— TASK DETAILS —
From the records below, copy out exactly the lines from the one containing "The image captures" to the one containing "Les figurines officielles", both included. Add nothing else.
DATA EXTRACTS Block Start
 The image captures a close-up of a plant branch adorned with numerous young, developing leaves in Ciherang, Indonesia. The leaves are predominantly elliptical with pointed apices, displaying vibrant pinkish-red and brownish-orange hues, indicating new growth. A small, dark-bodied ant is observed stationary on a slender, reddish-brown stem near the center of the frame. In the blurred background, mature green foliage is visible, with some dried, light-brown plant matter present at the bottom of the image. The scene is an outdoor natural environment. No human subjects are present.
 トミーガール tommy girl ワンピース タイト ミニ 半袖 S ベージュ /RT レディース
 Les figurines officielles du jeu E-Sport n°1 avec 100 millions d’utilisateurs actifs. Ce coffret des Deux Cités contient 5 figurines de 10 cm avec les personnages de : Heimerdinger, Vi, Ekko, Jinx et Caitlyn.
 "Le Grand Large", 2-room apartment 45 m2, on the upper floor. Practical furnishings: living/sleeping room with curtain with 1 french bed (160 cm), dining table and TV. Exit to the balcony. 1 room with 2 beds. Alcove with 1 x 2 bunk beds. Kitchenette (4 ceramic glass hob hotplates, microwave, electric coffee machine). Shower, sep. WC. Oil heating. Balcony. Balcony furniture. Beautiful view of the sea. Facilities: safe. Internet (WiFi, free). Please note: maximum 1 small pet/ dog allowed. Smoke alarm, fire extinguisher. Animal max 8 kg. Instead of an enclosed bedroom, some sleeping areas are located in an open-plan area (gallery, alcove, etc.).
DATA EXTRACTS Block End
DATA EXTRACTS Block Start
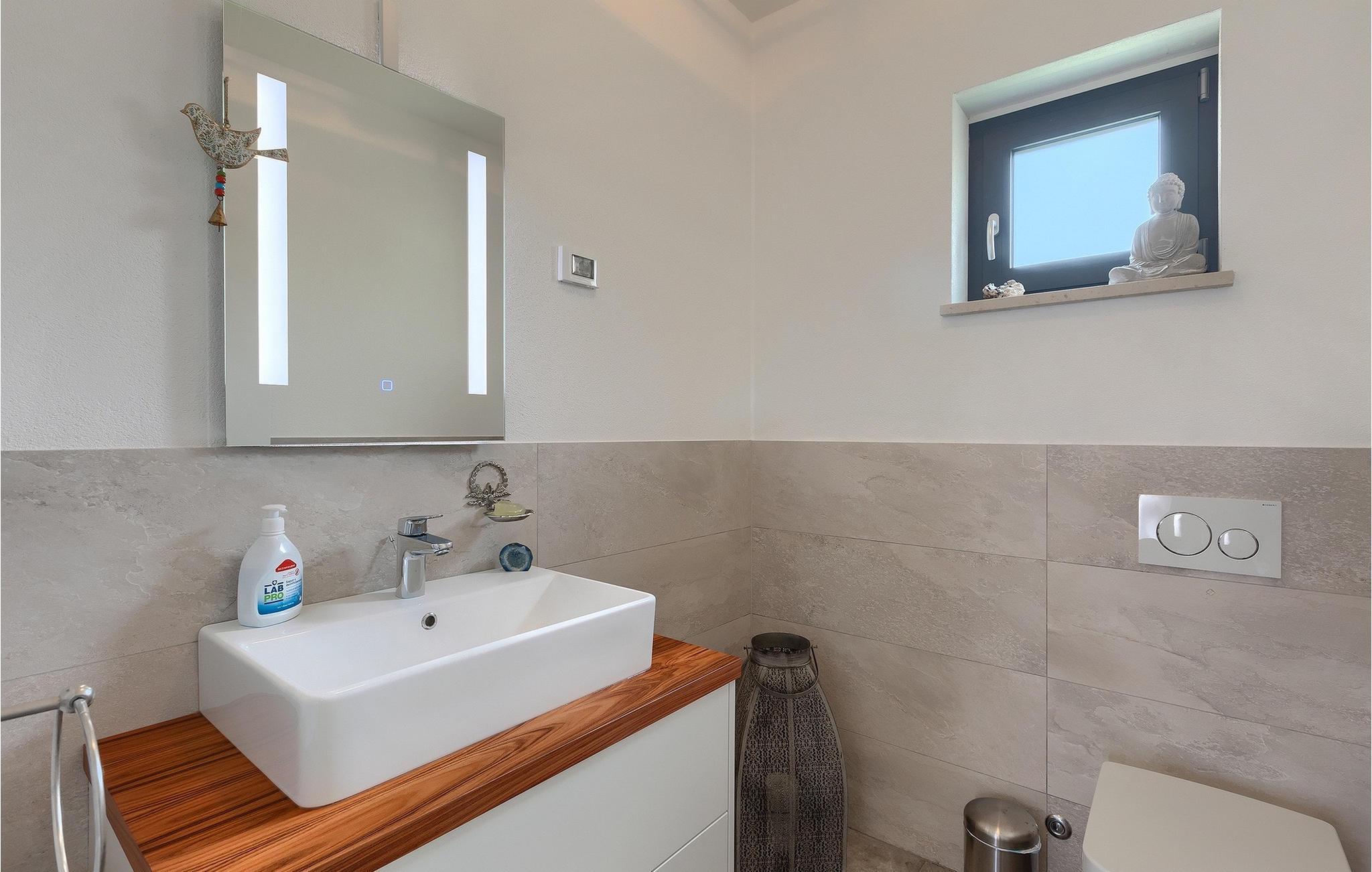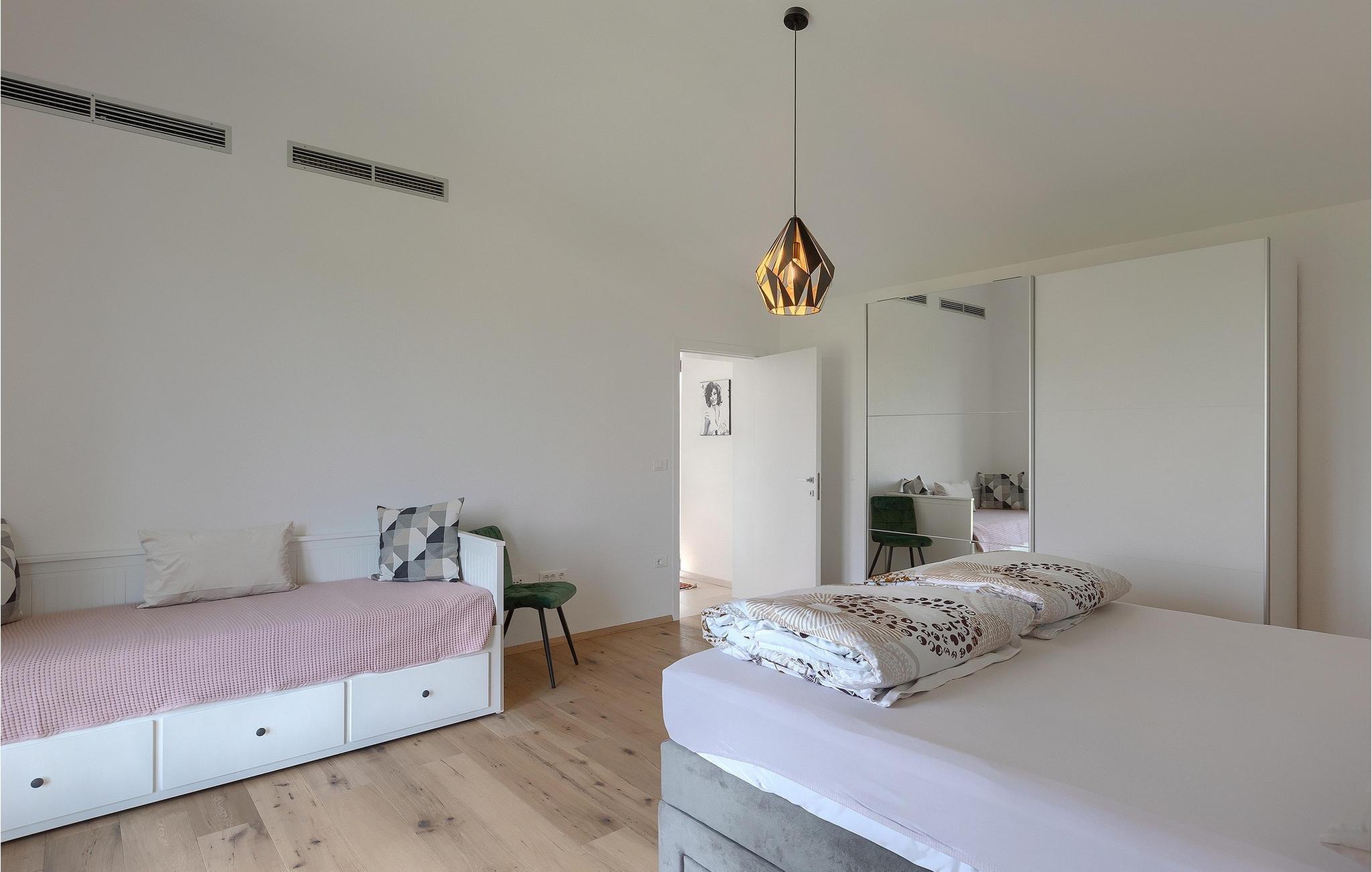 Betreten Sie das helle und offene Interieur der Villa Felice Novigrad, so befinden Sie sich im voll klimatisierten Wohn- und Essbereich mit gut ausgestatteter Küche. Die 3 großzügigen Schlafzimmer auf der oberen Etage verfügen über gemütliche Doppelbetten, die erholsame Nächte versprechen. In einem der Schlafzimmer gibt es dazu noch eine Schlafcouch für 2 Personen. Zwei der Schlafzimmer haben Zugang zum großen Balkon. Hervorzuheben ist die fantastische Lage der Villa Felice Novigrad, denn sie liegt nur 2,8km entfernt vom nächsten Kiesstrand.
DATA EXTRACTS Block End
— REPLY —
 The image captures a close-up of a plant branch adorned with numerous young, developing leaves in Ciherang, Indonesia. The leaves are predominantly elliptical with pointed apices, displaying vibrant pinkish-red and brownish-orange hues, indicating new growth. A small, dark-bodied ant is observed stationary on a slender, reddish-brown stem near the center of the frame. In the blurred background, mature green foliage is visible, with some dried, light-brown plant matter present at the bottom of the image. The scene is an outdoor natural environment. No human subjects are present.
 トミーガール tommy girl ワンピース タイト ミニ 半袖 S ベージュ /RT レディース
 Les figurines officielles du jeu E-Sport n°1 avec 100 millions d’utilisateurs actifs. Ce coffret des Deux Cités contient 5 figurines de 10 cm avec les personnages de : Heimerdinger, Vi, Ekko, Jinx et Caitlyn.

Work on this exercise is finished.